Поэзия, литература, история, а также завтрак, обед, ужин и часовые прогулки на свежем воздухе - вот то, благодаря чему мы выживали. И пусть никого не покоробит выстроенный ряд.
Но было и нечто, что так или иначе укорачивало нам жизнь, а некоторым и в полном смысле укоротило. Опять речь о них, об "органах", но уже определенно без похвальных намерений.
Казалось бы, ну, упекли неисправимых, "перекрыли воздух" до конца жизни - и оставить бы в покое. Так ведь нет же! Откуда-то из "центра" требуют от местных "органов" систематической работы по перевоспитанию обреченных, инициативы требуют, оперативных разработок и результатов результаты им подавай! Не может такого быть, чтоб хоть кто-нибудь, хоть один да не прогнулся, сопли не пустил, домой не запросился...
А местные "органы" - кто там? Психологи-самородки? Гении оперативных интриг? Знатоки человечьей души?

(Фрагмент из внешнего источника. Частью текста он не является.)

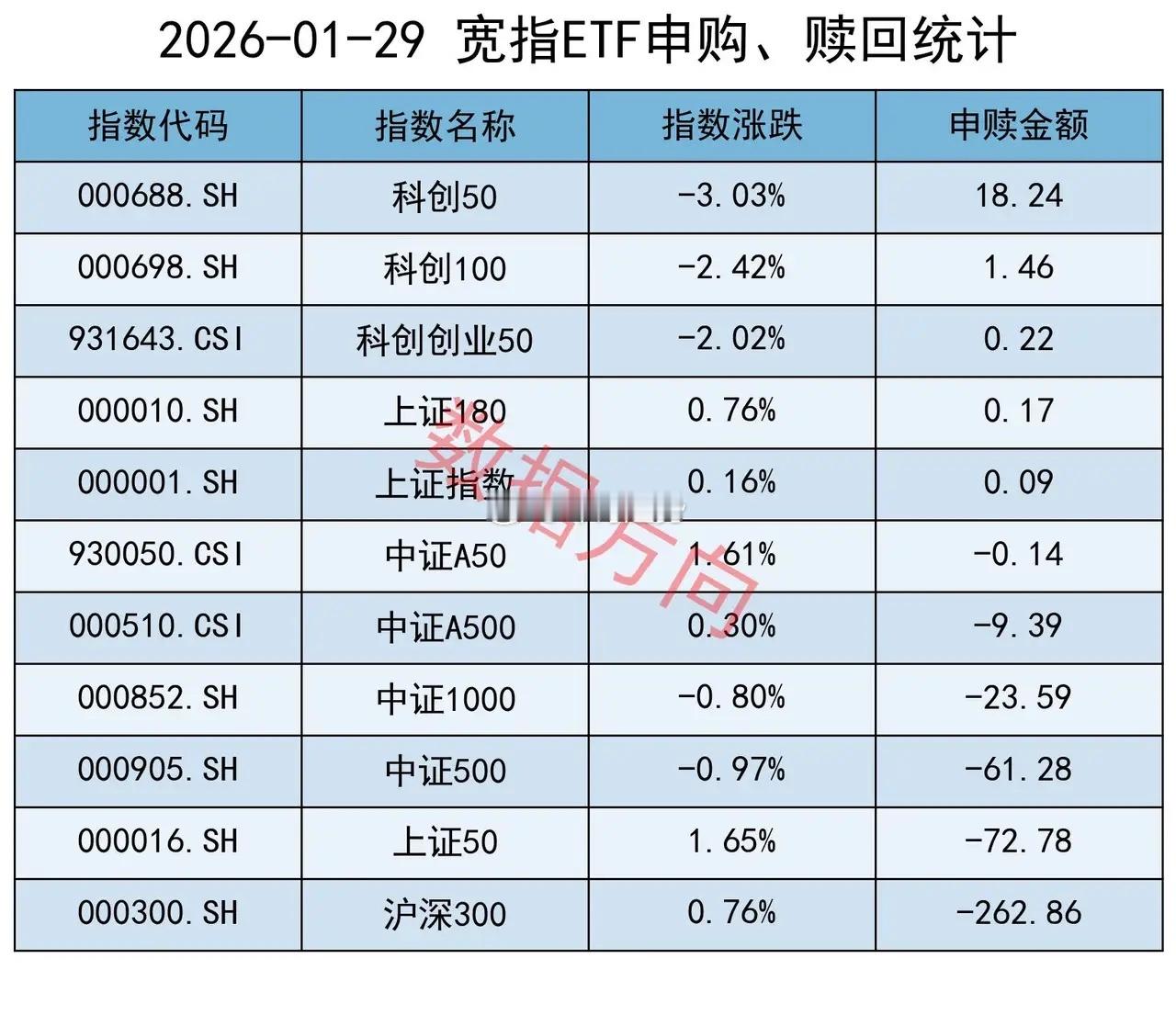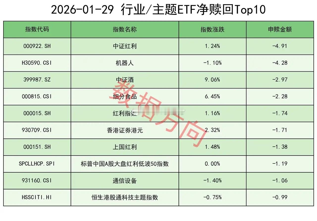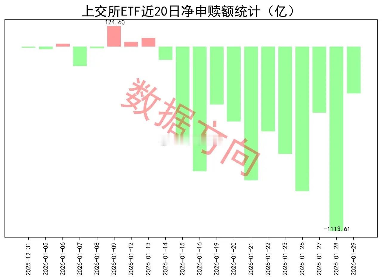 大资金再卖280亿1月29日星期四,A股全天震荡分化,大盘股涨、中小盘股跌,除了贵金属延续强势外,白酒板块于午后全线爆发。上证指数涨幅0.16%,上交所ETF合计净赎回283.79亿元,和前面10天相比力度稍小了一些。昨天的盘面并不好,白酒板块接接涨停才勉强把指数拉红,如果继续像前面几天那样大幅净赎回,可能就扛不住了。即便如此,283.79亿也不是一个小金额。1层于1月15日开始大幅减持。前面8天,大盘股承压,中小盘股全线飞扬,显示市场交投活跃,仍然延续了之前的惯性;从本周二开始,卖压开始传导至中小盘股,大资金不得不先后启动油气、银行、房地产、白酒等权重品种,才能稳住市场。有色金属的强,是受了国际大宗商品走势的影响。从这里可以看出1层的态度,要减持,也要确保市场稳定。最终市场会如何运行?首先等本轮减持结束,然后再看。宽指沪深300指数(-262.86亿),净赎回最多。上证50指数(-72.78亿)、中证500指数(-61.28亿),净赎回都在60亿之上。中证1000指数(-23.59亿)、中证A500指数(-9.39亿),净赎回都在9亿之上。中证A50指数(-0.14亿),被小幅净赎回。科创50指数(18.24亿),净申购近20亿。科创100指数(1.46亿)、科创创业50指数(0.22亿)、上证180指数(0.17亿)、上证指数(0.09亿),分别获小幅净申购。行业和主题 科创芯片指数(24.36亿)、半导体指数(8.11亿)、科创半导体材料设备指数(3.89亿),一起进入申购榜。有色金属指数(16.99亿)、细分有色指数(14.75亿)、SSH黄金股票指数(13.5亿)、油气产业指数(8.77亿)、细分化工指数(7.6亿),一起进入申购榜。其他进入申购榜的还有:房地产指数(7.27亿)、港股通非银人民币指数(3.78亿)。中证红利指数(-4.91亿)、红利指数(-1.74亿)、上国红利指数(-1.38亿)、标普中国A股大盘红利低波50指数(-1.19亿),一起进入赎回榜。中证酒指数(-2.97亿)、细分食品指数(-2.28亿),一起进入赎回榜。白酒被拉冒烟了,股价高于ETF,于是有了套利的机会。其他进入赎回榜的还有:机器人指数(-4.28亿)、香港证券港元指数(-1.71亿)、通信设备指数(-1.06亿)、恒生港股通科技主题指数(-0.99亿)。ETF男演员9公斤黄金400元每克卖出
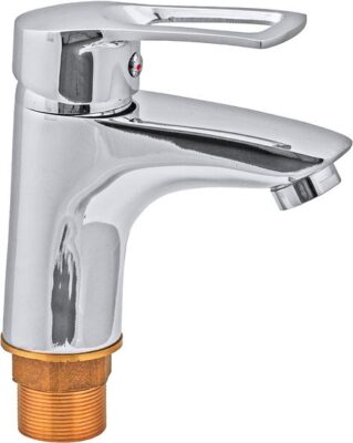 Материал изделия — латунь Покрытие — хром Установка под 1/2 гайку Комплектация: • корпус смесителя • крепеж к умывальнику: гайка • паспорт

Да нет же! Честолюбивые недоучки, понимающие свою работу с политическими рецидивистами как единственный шанс пробиться куда-то там в их гэбистской иерархии, положительно засветиться, получить повышение или очередное звание, а может быть, и вовсе ничего такого, но простоудовольствие распоряжаться судьбами; это ведь так щекотно, взять, к примеру, и лишить зэка долгожданного свидания с родственниками, или конфисковать письмо, или даже просто попридержать его месяц-другой, чтоб помаялся "злодей-антисоветчик", чтоб усох от дум тревожных...
- Где письмо? - требует зэк.
- Не пишут. Не мне ж за них писать?
А вся беда в том, что чем отчетливей понимание собственной обреченности, тем, вопреки логике, отчаяннее цепляешься за них, за близких своих, - в том слабость. Возможно, единственная слабость - на ней и прокалываешься, а тебе тут же в рану штырем: "А вы уверены, что нужны? Что ждут?"